Passive-income investors, particularly newer investors, often struggle finding the best investments that can provide a growing source of income which can last decades.
Fortunately, there’s no shortage of great investment options on the market that can meet, if not exceed, any long-term income goal.
Even better, to the joy of passive-income investors everywhere, some of those great investments are on sale right now.
Here’s a look at two of the best long-term options for passive-income investors to consider buying this June.
Option #1 – The big bank with a huge upside
I would be remiss if I didn’t mention at least one of Canada’s big banks as a stellar option for income investors.
The big banks can offer stable income backed by a reliable domestic unit and a growth-focused international segment. Throw in a growing dividend and you have some of the best long-term buy-and-forget options on the market.
And that big bank to consider buying right now is Bank of Montreal (TSX:BMO). BMO is the oldest of Canada’s big banks and has been paying out dividends for nearly two centuries without fail.
Today that dividend provides a juicy yield of 5.4%, making it a worthwhile addition for passive-income investors. And let’s not forget that BMO has provided annual upticks to that dividend without fail over the years.
Turning to growth, BMO’s focus is squarely on the U.S. market. Following its well-covered acquisition of Bank of the West, BMO operates across 32 state markets. That also means the bank is one of the largest in the U.S. market, with billions in deposits and millions of customers.

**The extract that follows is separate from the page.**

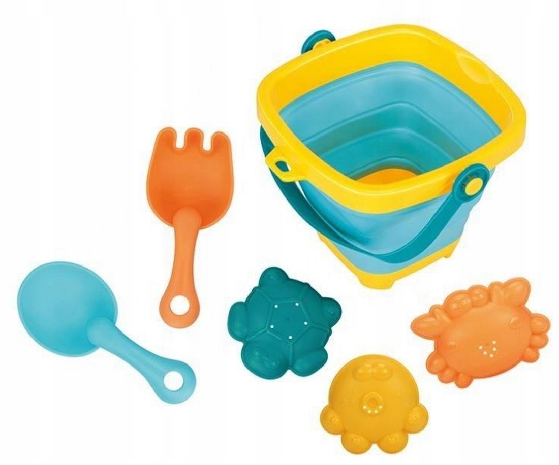 - Комплектація: відерце складається, займає мало місця в дорозі, забезпечує все необхідне дитині для ігор у піску, позбавляє від необхідності шукати додаткові аксесуари.
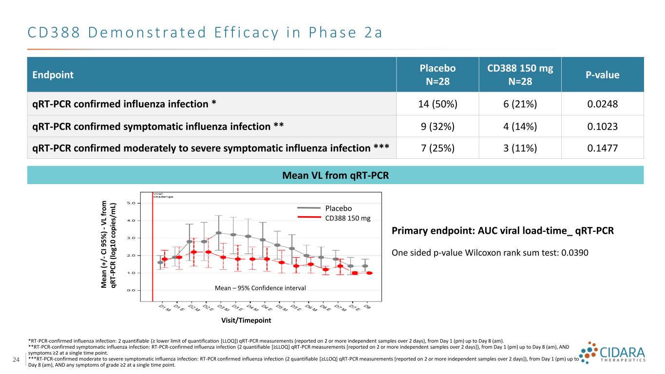 23 C D 3 8 8 Wa s We l l - To l e ra t e d fo r U p To 9 0 0 M G Dose FIH JBS HCS Total 50 mg 18 7 2 27 150 mg 18 7 28 53 450 mg 18 7 0 25 900 mg 9 0 0 9 All Doses 63 21 30 114 Number of participants that received one dose of CD388 in Phase 1 and Phase 2a studies (as of Aug 2023) FIH- First in Human study; JBS- Japanese Bridging study; HCS- Human Challenge study Safety Summary • No treatment-emergent SAEs and no discontinuation of study drug or withdrawals due to safety findings • No consistent AE patterns • No hypersensitivity reactions • Most TEAEs Grade 1 (90%), few Grade 2, all resolved • Incidence of TEAE not dose-dependent • Few injection site events (pain, IM route mainly), Grade 1, all resolved spontaneously • No clinically relevant ECG, vital signs or physical exam abnormalities S a f e t y d a t a f r o m F i r s t - i n - H u m a n , J a p a n e s e B r i d g i n g a n d H u m a n C h a l l e n g e s t u d i e s SAEs = Serious Adverse Events; TEAE= Treatment Emergent Adverse Events

As of the time of writing, BMO trades down year to date by a whopping 11%. This makes it an appealing option to buy to hold for the longer term while it’s still trading at a discount .
Note that passive-income investors who aren’t ready to draw on that juicy income yet can reinvest it until needed. This will allow your BMO position to grow on autopilot for what could be decades of growth.
Option 2# – The telecom that trades at a huge discount
Canada’s telecoms represent another option for passive-income investors to establish an income stream. And as of the time of writing, BCE (TSX:BCE) has a huge upside for long-term investors.
BCE is one of the largest telecoms (or the largest, depending on how you define size) in Canada. The company boasts a massive infrastructure network that blankets the country. BCE provides core subscription services across that network including internet, wireless, wireline and TV.
It’s worth noting that in recent years the importance of both the internet and wireless segments has provided ample growth for BCE. By way of example, in the most recent quarter, both segments reported their best activation numbers in years.
Despite that strong growth, rising interest rates and an ongoing strategic transition at the telecom have weighed heavily on the stock price. The stock is down 14% year to date and a whopping 25% over the trailing 12-month period.
Meanwhile, that dip has sent BCE’s yield in the opposite direction, to an insane 9%, making it one of the highest-paying dividends on the market.
Setting aside BCE’s shorter-term issues, the stock remains a long-term option worthy of consideration. And until interest rates begin to drop and the stock price recovers, prospective passive-income investors can enjoy that juicy yield.
Final thoughts for passive-income investors
No stock, even the most defensive is without some risk. Both BMO and BCE are great defensive options but do carry significant risks. That’s part of the reason why both stocks should be seen as long-term options to buy now and forget about for a decade.
In my opinion, one or both stocks should be core holdings in any larger, well-diversified portfolio.